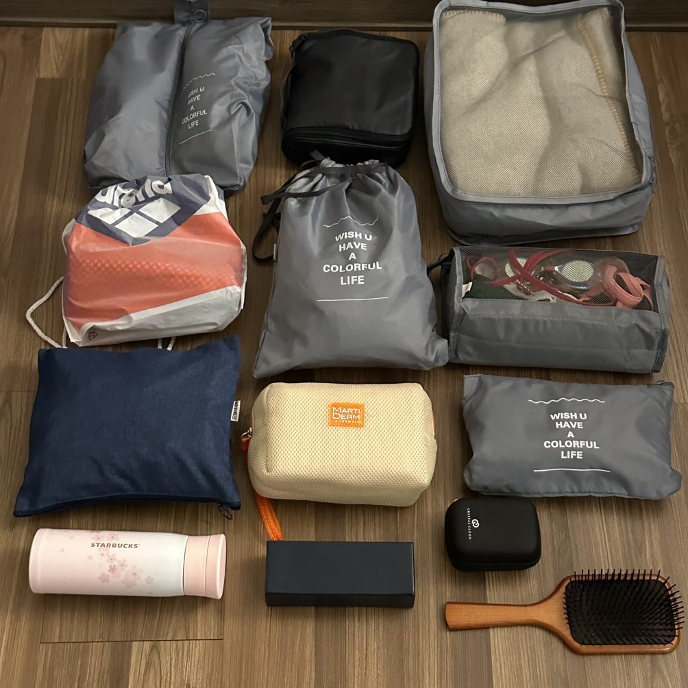 맨 위부터 차례로 실내화, 세안 도구, 샤워용품, 핫팩 꾸러미, 수영복, 잡화류, 생리대, 상비약, 보온병, 선글라스, 여행용 콘센트, 빗.
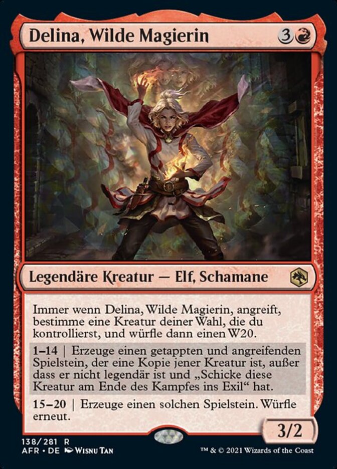 | Rules | Whenever Delina, Wild Mage attacks, choose target creature you control, then roll a d20. 1—14 | Create a tapped and attacking token that's a copy of that creature, except it's not legendary and it has "Exile this creature at end of combat." 15—20 | Create one of those tokens. You may roll again. |
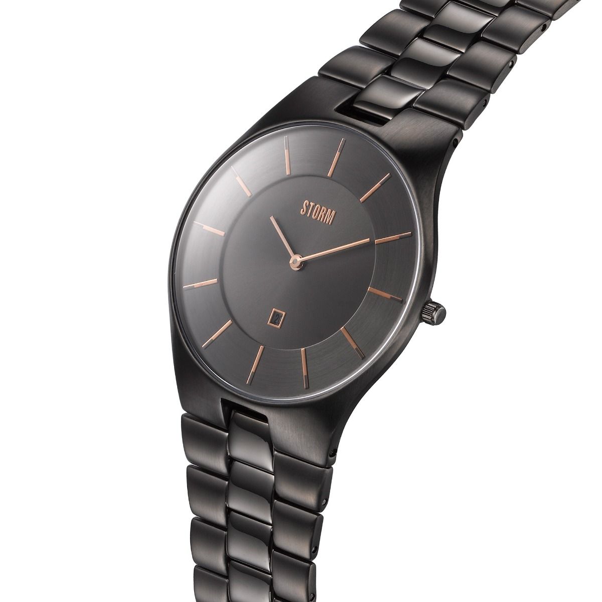The STORM Slim-X XL is a classic looking watch with a smart minimalist dial. The ultra slim strap is made from titanium ion plated stainless steel with a contrasting grey dial and rose gold number markers. The Slim-X XL is waterproof to 50m with a date feature.
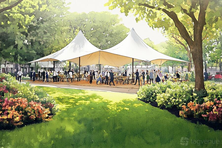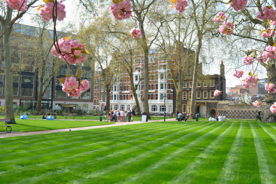 Celebrate summer at Charterhouse Square with an all-inclusive party in a beautiful outdoor setting. Located in Farrington, London, the historic space features an exclusive access to this historic square, a decorated tent, elegant garden furniture, and a stylish covered bar.
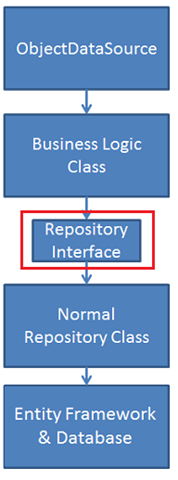 完成实现存储库模式的简介,以便将 ObjectDataSource 控件与实体框架配合使用。 有关存储库模式和可测试性的详细信息,请参阅 MSDN 白皮书 可测试性和实体框架 4.0。
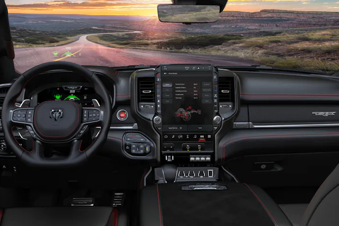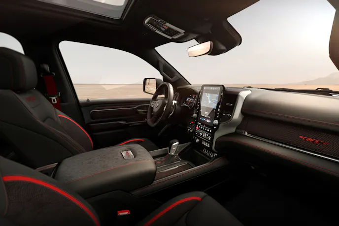 A dual-pane, power-operated sunroof is standard. Ram also notes that, for the first time, TRX features a leather-wrapped airbag cover with red stitching and a full suede headliner and visors—details typically reserved for flagship luxury trims.

● ● ● ● ●

An exact transcript is required, covering the lines from the one containing "roll again. |" through the end of the listing above, inclusive, without pictures.

 | Rules | Whenever Delina, Wild Mage attacks, choose target creature you control, then roll a d20. 1—14 | Create a tapped and attacking token that's a copy of that creature, except it's not legendary and it has "Exile this creature at end of combat." 15—20 | Create one of those tokens. You may roll again. |
The STORM Slim-X XL is a classic looking watch with a smart minimalist dial. The ultra slim strap is made from titanium ion plated stainless steel with a contrasting grey dial and rose gold number markers. The Slim-X XL is waterproof to 50m with a date feature.
 Celebrate summer at Charterhouse Square with an all-inclusive party in a beautiful outdoor setting. Located in Farrington, London, the historic space features an exclusive access to this historic square, a decorated tent, elegant garden furniture, and a stylish covered bar.
 完成实现存储库模式的简介,以便将 ObjectDataSource 控件与实体框架配合使用。 有关存储库模式和可测试性的详细信息,请参阅 MSDN 白皮书 可测试性和实体框架 4.0。
 A dual-pane, power-operated sunroof is standard. Ram also notes that, for the first time, TRX features a leather-wrapped airbag cover with red stitching and a full suede headliner and visors—details typically reserved for flagship luxury trims.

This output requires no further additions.